The sirens are the first set of works for PNTG and serve as its overture.
Siren
2023
acrylic on glass
12 x 20 in.
Photo by Assaf Evron
Dushko Petrovich Córdova works across media as a painter, writer, and publisher. He is a co-founder of Paper Monument, which has published numerous critically acclaimed books, including Draw It with Your Eyes Closed: The Art of the Art Assignment. Petrovich has also produced Adjunct Commuter Weekly and The Daily Gentrifier under his personal imprint, DME. He has written about art and visual culture for many publications including n+1, Bookforum, and the New York Times.
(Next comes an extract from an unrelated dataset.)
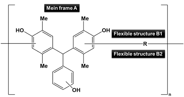 そこでモデルを単純化するために,ポリマーを原子団に分解するにとどめ 耐熱性と高アルカリ現像性を担保する主骨格A(Fig. 4aのノボラック),ポリマー主鎖に運動性の自由度をもたらす柔軟骨格B1,自由度を持つポリマー主鎖に柔軟性を付与する柔軟骨格B2の3ブロックに原子団化を行い,解析を進めることにした(Fig. 10)。ここで,柔軟骨格B1はポリマー主鎖に導入されるフェノール,クレゾール,キシレノール等からなるノボラック群,柔軟骨格B2は脂肪族鎖等の各種柔軟付与性が見込まれる置換基を表す31)。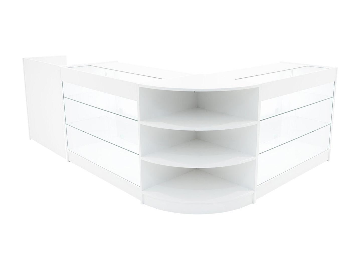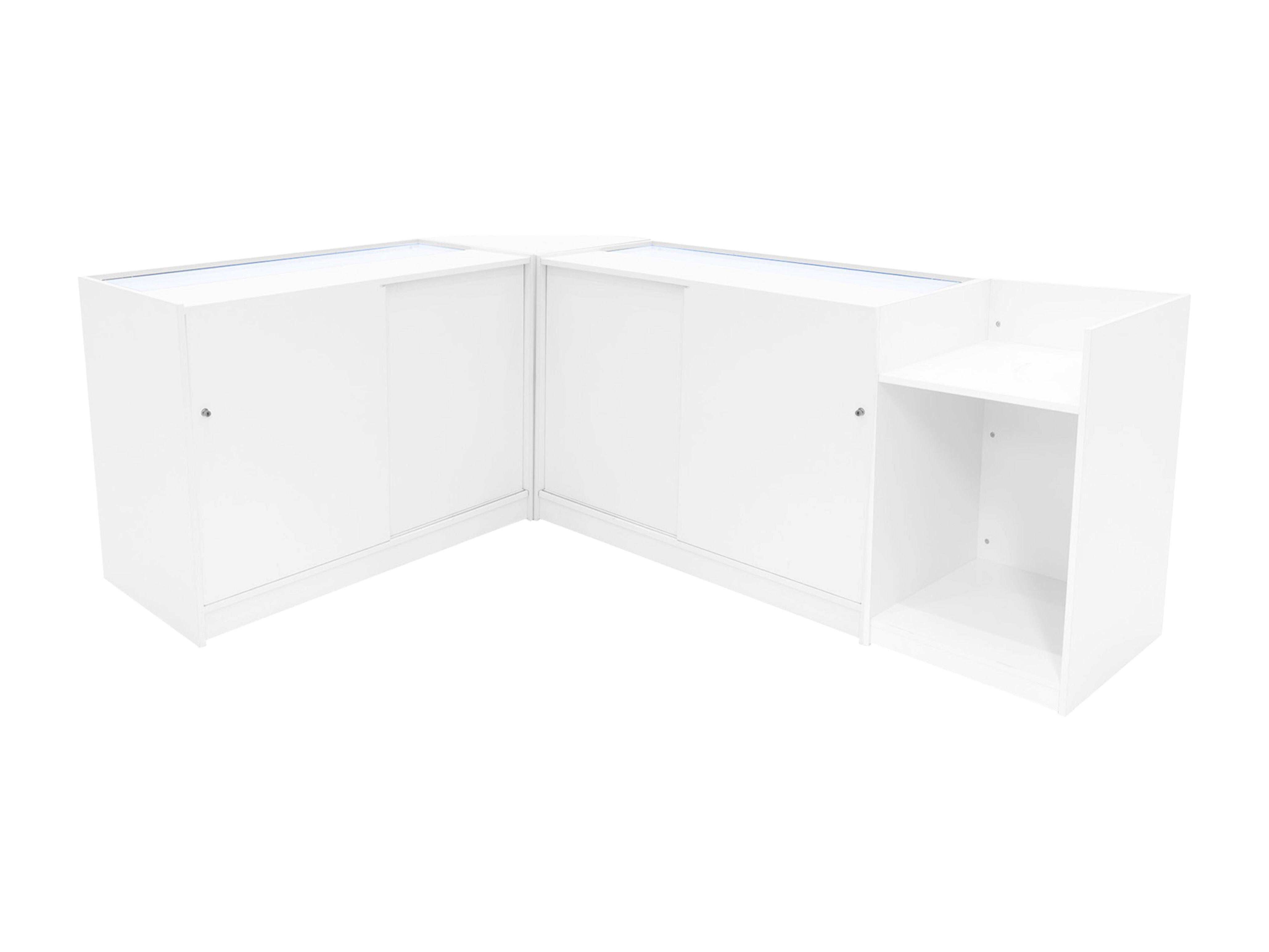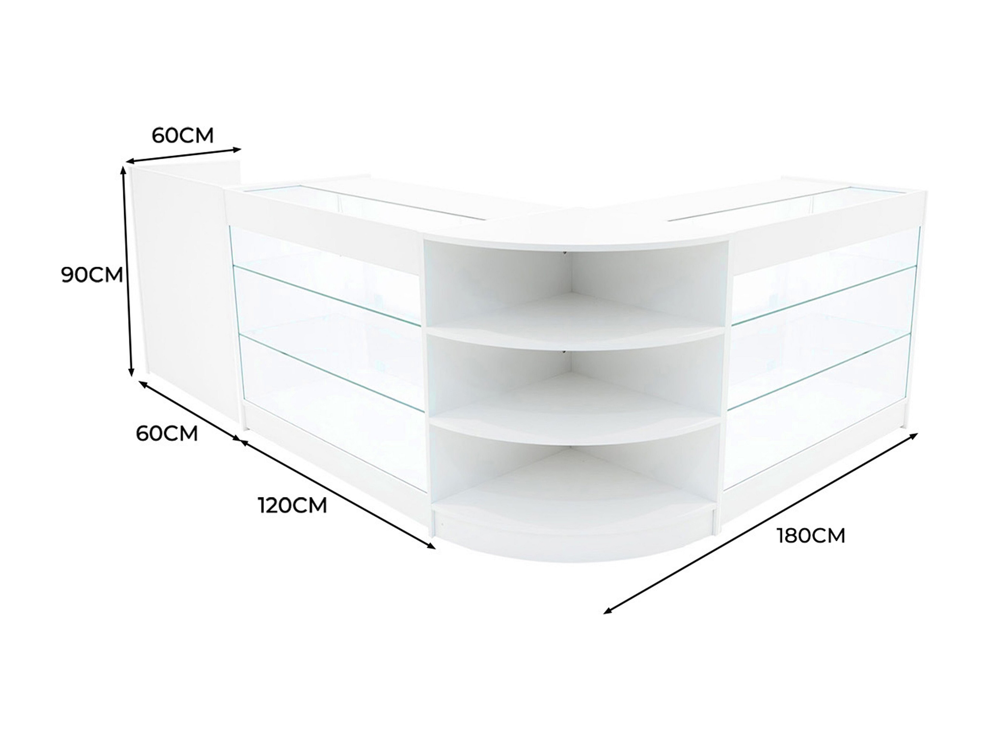 Alle toonbanken zijn vervaardigd uit hoogwaardig MDF met een duurzame witte melamine afwerking, wat zorgt voor langdurige prestaties en een frisse, moderne uitstraling. Het uniforme materiaalgebruik en de afwerking creëren een samenhangende look in uw toonbankopstelling, terwijl de gehard glazen elementen van de K1200 een verfijnde afwerking geven aan de belangrijkste presentatievlakken.

His work has been exhibited at galleries and museums nationally and internationally—including Zacheta National Gallery of Art in Warsaw, the Institute of Contemporary Art in Boston, and Gallery 400 in Chicago—and has been reviewed in publications such as Artforum, The New Yorker, and the New York Times, among many others. Petrovich currently serves as professor of Visual and Critical Studies at the School of the Art Institute of Chicago. His current project, PNTG, identifies and collects emerging types of digital imagery and rematerializes them through a method of reverse-glass airbrush painting.